The LZ78 algorithm
Terms used in the algorithm
- Charstream: a sequence of data to be encoded;
- Character: the basic data element in the charstream;
- Prefix: a sequence of characters that precede one character;
- String: the prefix together with the character it precedes;
- Code word: a basic data element in the codestream. It represents a string from the dictionary;
- Codestream: the sequence of code words and characters (the output of the encoding algorithm);
- Dictionary: a table of strings. Every string is assigned a code word according to its index number in the dictionary;
- Current prefix: the prefix currently being processed in the encoding algorithm. Symbol: P;
- Current character: a character determined in the endocing algorithm. Generally this is the character preceded by the current prefix. Symbol: C.
- Current code word: the code word currently processed in the decoding algorithm. It is signified by W, and the string which it denotes by string.W.
At the beginning of encoding the dictionary is empty. In order to explain the principle of encoding, let's consider a point within the encoding process, when the dictionary already contains some strings.

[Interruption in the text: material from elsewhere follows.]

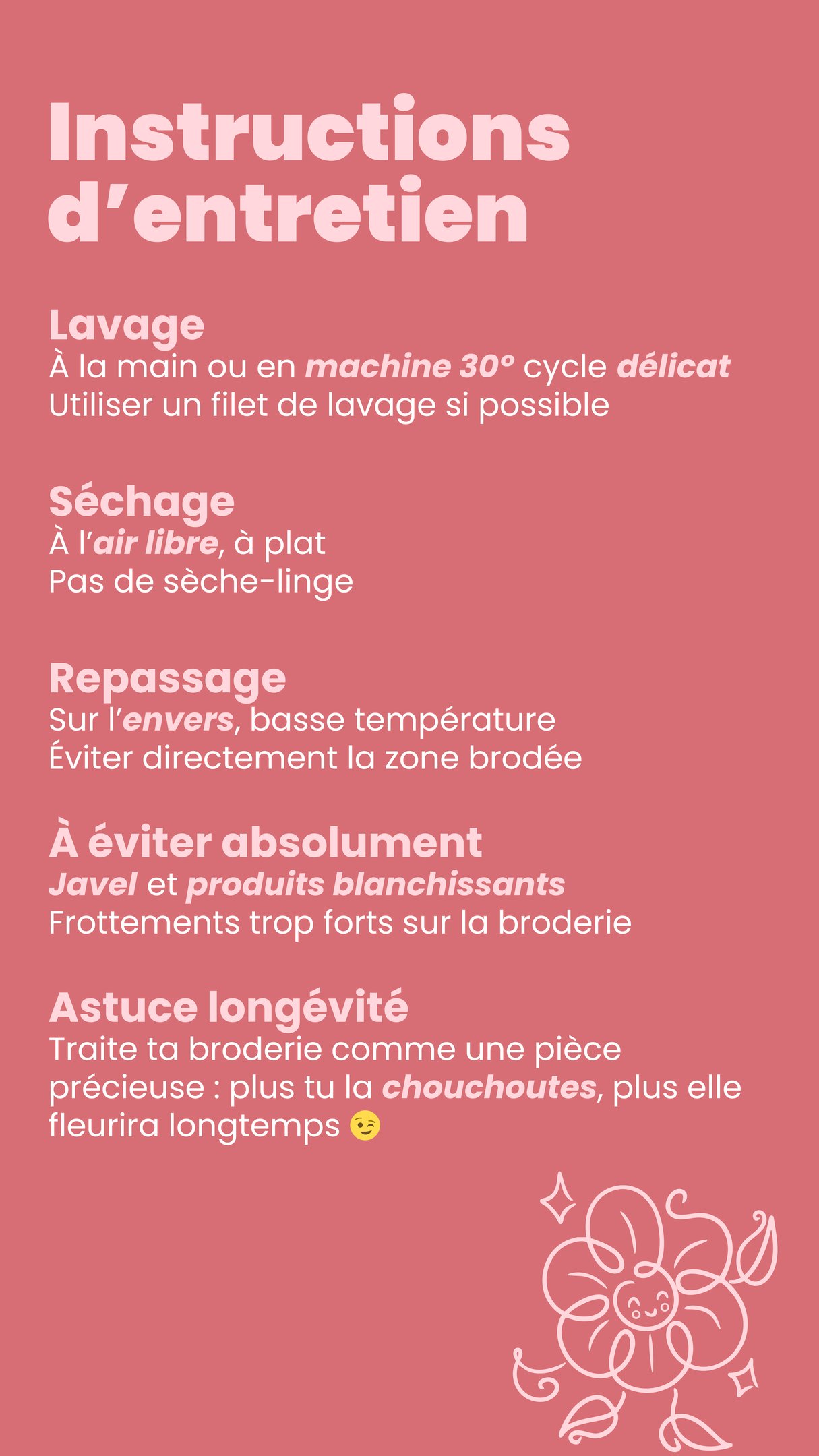 Pour prendre soin de votre bandeau brodé, j’ai préparé une fiche simple

We start analyzing a new prefix in the charstream, beginning with an empty prefix. If its corresponding string (prefix + the character after it -- P+C) is present in the dictionary, the prefix is extended with the character C. This extending is repeated until we get a string which is not present in the dictionary. At that point we output two things to the codestream: the code word that represents the prefix P, and then the character C. Then we add the whole string (P+C) to the dictionary and start processing the next prefix in the charstream.

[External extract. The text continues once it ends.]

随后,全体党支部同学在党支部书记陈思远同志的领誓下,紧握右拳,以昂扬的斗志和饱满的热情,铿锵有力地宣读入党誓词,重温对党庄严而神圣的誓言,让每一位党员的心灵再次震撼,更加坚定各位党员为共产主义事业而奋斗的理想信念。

A special case occurs if the dictionary doesn't contain even the starting one-character string (for example, this always happens in the first encoding step). In that case we output a special code word that represents an empty string, followed by this character and add this character to the dictionary.

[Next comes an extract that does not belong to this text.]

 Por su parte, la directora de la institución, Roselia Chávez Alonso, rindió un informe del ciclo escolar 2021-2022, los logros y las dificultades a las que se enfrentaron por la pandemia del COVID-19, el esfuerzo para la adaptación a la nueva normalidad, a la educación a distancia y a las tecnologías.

The output from this algorithm is a sequence of code word-character pairs (W,C). Each time a pair is output to the codestream, the string from the dictionary corresponding to W is extended with the character C and the resulting string is added to the dictionary. This means that when a new string is being added, the dictionary already contains all the substrings formed by removing characters from the end of the new string.
The encoding algorithm
- At the start, the dictionary and P are empty;
- C := next character in the charstream;
- Is the string P+C present in the dictionary?
- if it is, P := P+C (extend P with C);
- if not,
- output these two objects to the codestream:
- the code word corresponding to P (if P is empty, output a zero);
- C, in the same form as input from the charstream;
- add the string P+C to the dictionary;
- P := empty;
- are there more characters in the charstream?
- if yes, return to step 2;
- if not:
- if P is not empty, output the code word corresponding to P;
At the start of decoding the dictionary is empty. It gets reconstructed in the process of decoding. In each step a pair code word-character -- (W,C) is read from the codestream. The code word always refers to a string already present in the dictionary. The string.W and C are output to the charstream and the string (string.W+C) is added to the dictionary. After the decoding, the dictionary will look exactly the same as after the encoding.
The decoding algorithm
- At the start the dictionary is empty;
- W := next code word in the codestream;
- C := the character following it;
- output the string.W to the codestream (this can be an empty string), and then output C;
- add the string.W+C to the dictionary;
- are there more code words in the codestream?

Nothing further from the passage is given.